Alexis Turner

Political Life of LSD

Alexis is currently writing a dissertation on the political life of LSD in the United States from 1949-1980.

By 1969, depending on whom you asked, LSD was going to help the United States government win the Cold War, because it was a truth serum and mind-control substance. It would help you make more money on the stock market, become more creative at work, or understand complex mathematical formulas with ease. "LSD will cure alcoholism and unlock the mysteries of schizophrenia," others insisted. It will help you write your way to fame. Better yet, eat it with a cube of sugar. You will self-actualize. Your aesthetic sensibilities will be heightened, and you will become open to the poetry of the world in motion. You might even see God. You won't need some government man telling you what to do, some job holding you back from the fruits of your own labor. A little drop of acid will tear down the state. Everyone will make sweet love, and there will be peace on earth. If these were not already enough to make you run right out and try some, it turns out there was also money to be made selling it, it was the devil's work, destroying the youth of our nation, spurring human evolution, and keeping some lazy, apolitical, jive ass long-haired honkies from letting the Revolution unleash itself on the world. It was some good shit and some bad news. It was insidious and subtle. It was dangerous and terrifying to behold. It was also often but not always a rather interesting shade of mauve. Except when it was sunshine orange. Such is the power of LSD. Even its color cannot be agreed upon. It is ontologically, structurally, politically, and affectively unstable.

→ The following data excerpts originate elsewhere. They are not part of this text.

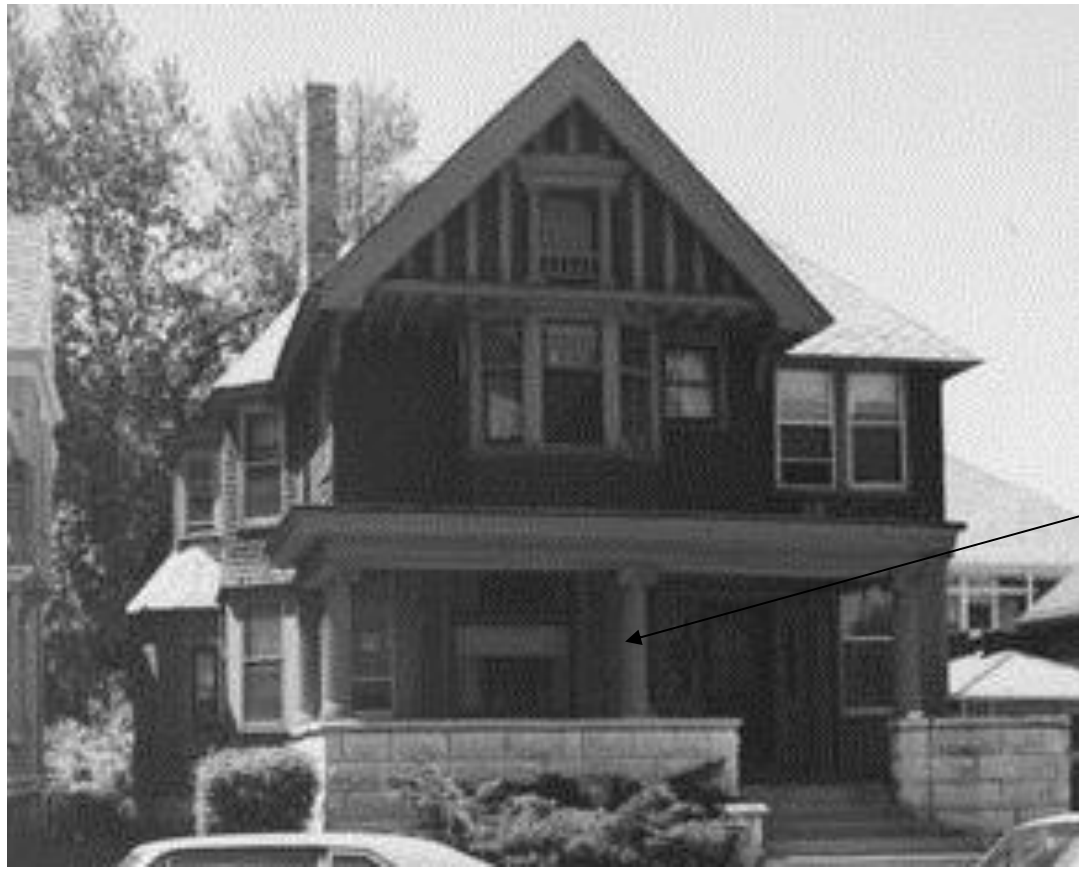
This 1980 survey photo shows the original porch columns.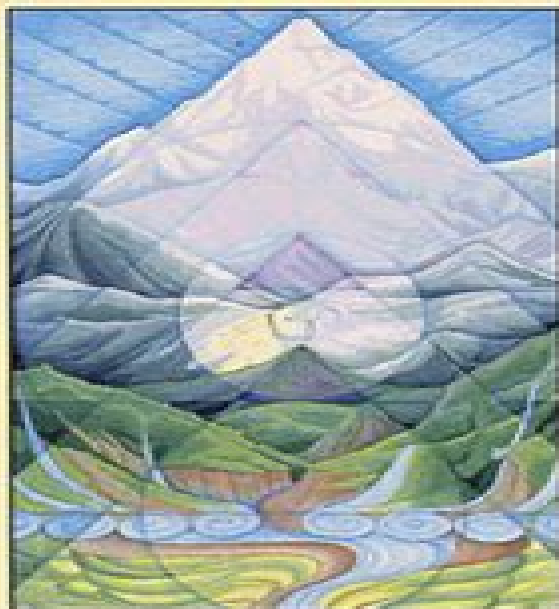
14 HIMALAYAN PASSAGE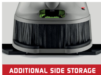
ADDITIONAL SIDE STORAGE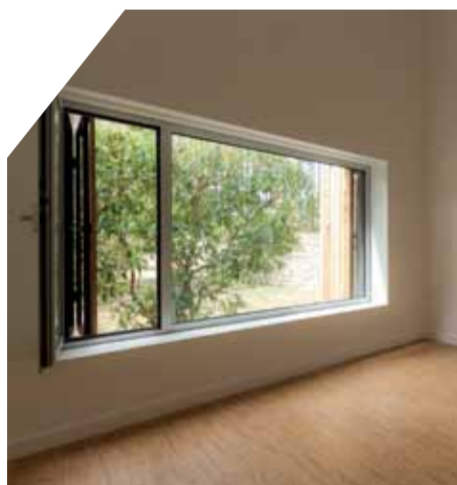
SETE CIDADES LAKE LODGE - AZORES, PORTUGAL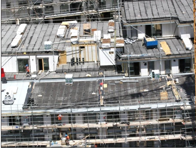
Basesheet membrane application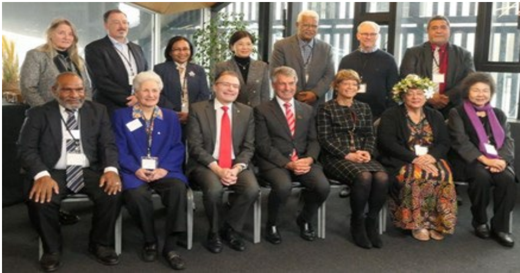
Members of the Australasian and Pacific Ombudsman Region of the IOI.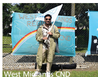
West Midlands CND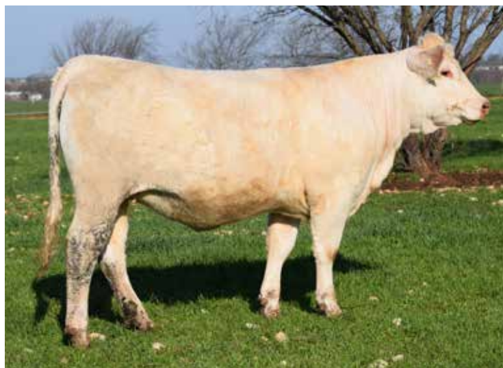
MS PC DIAMOND EDITION SELLS AS LOT 78

Sells Open , this big, bold heifer is out of the high selling Milestone bull and a full sister to TR PZC Mr Turton 0794 ET, an AICA National Champion bull. There are many more high selling full sibs out the great producer, Thomas Ms Impressive 0641! Good balanced numbers on this wide-bodied, thick heifer will enable you to combine the ultimate in pedigree, performance, and numbers to have a major influence in the whole breed if you desire!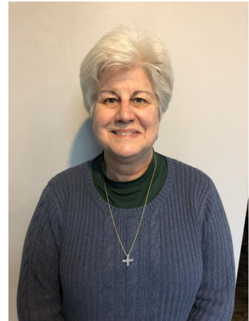
Member of St. Thomas, Monroe

I am a retired high school English teacher and am presently back at my school using my skills to tutor 9th and 10th grade students who are struggling to succeed in English. I enjoy traveling to places far and near, working in my yard, reading, and spending lots of time with friends and, especially, with my grandchildren.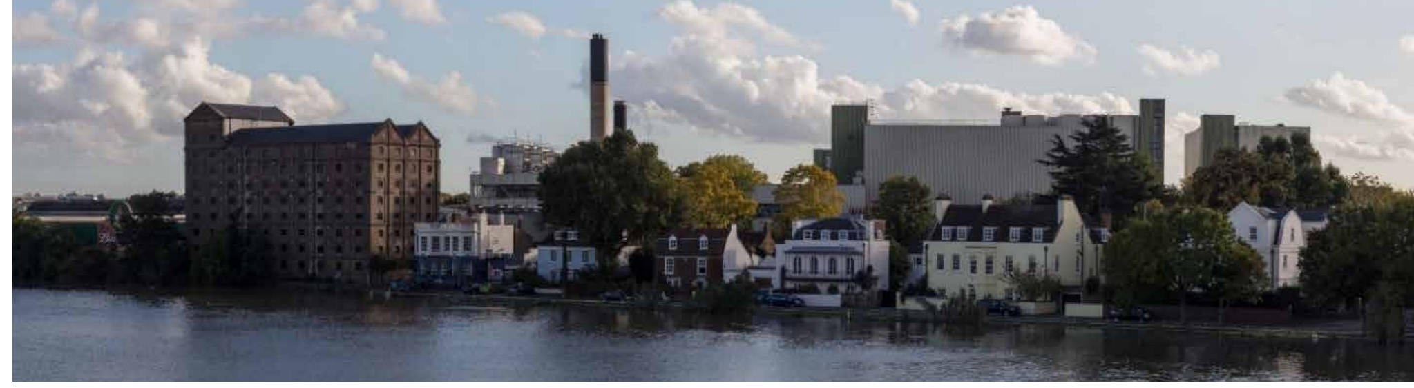
Photograph 2 - View of the Stag Brewery component of the Site with surrounding properties adjacent to the River Thames.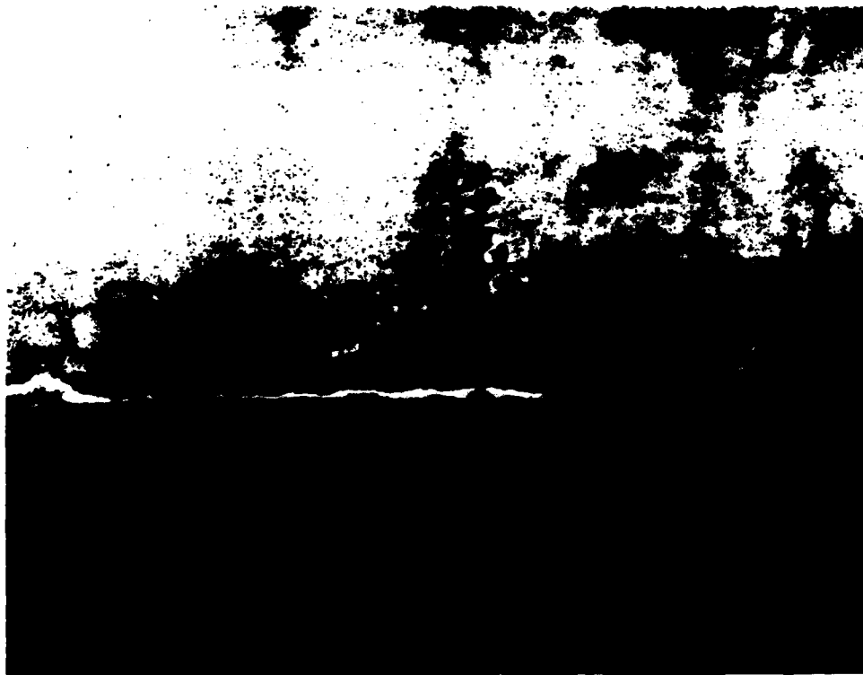
ESMERALDAS during sea trials. Note the after helicopter platform and the ALBATROS launcher abaft the mast (CNR).

The safety service has one fire main with eleven stations, fixed immersible electric pumps for suction and fire fighting, sprinklers in the ammunition rooms, power pumps on wheels, a stationary plant for the engine spaces which automatically determines the stoppage of the ventilating machinery and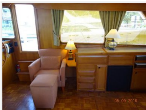
49' DeFever salon starboard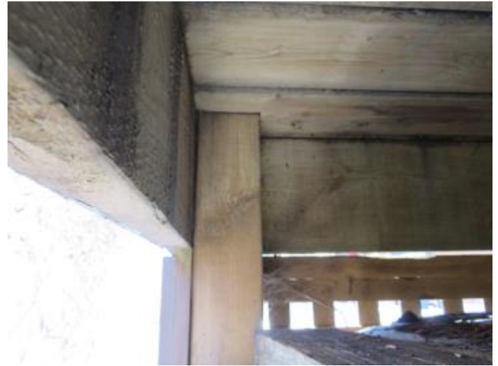
Figure 2 NE Deck Substandard Construction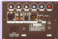
▲ Inputs: MIC IN x 1, LINE IN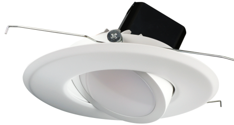
120-277V 0-10V Dimming Ver.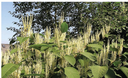
Japanese knotweed Fallopia japonica

My research explores the public life of science and technology. What happens when an object comes out of the laboratory and into the wilds of the world? How does our relationship to science affect the political sphere, and our relationship to politics infuse our science? How do we come to imbue objects with lives of their own in ways that lead them to elude our hopes? There are perhaps more serious ways to think about these questions than with LSD. But they would not be nearly so fun.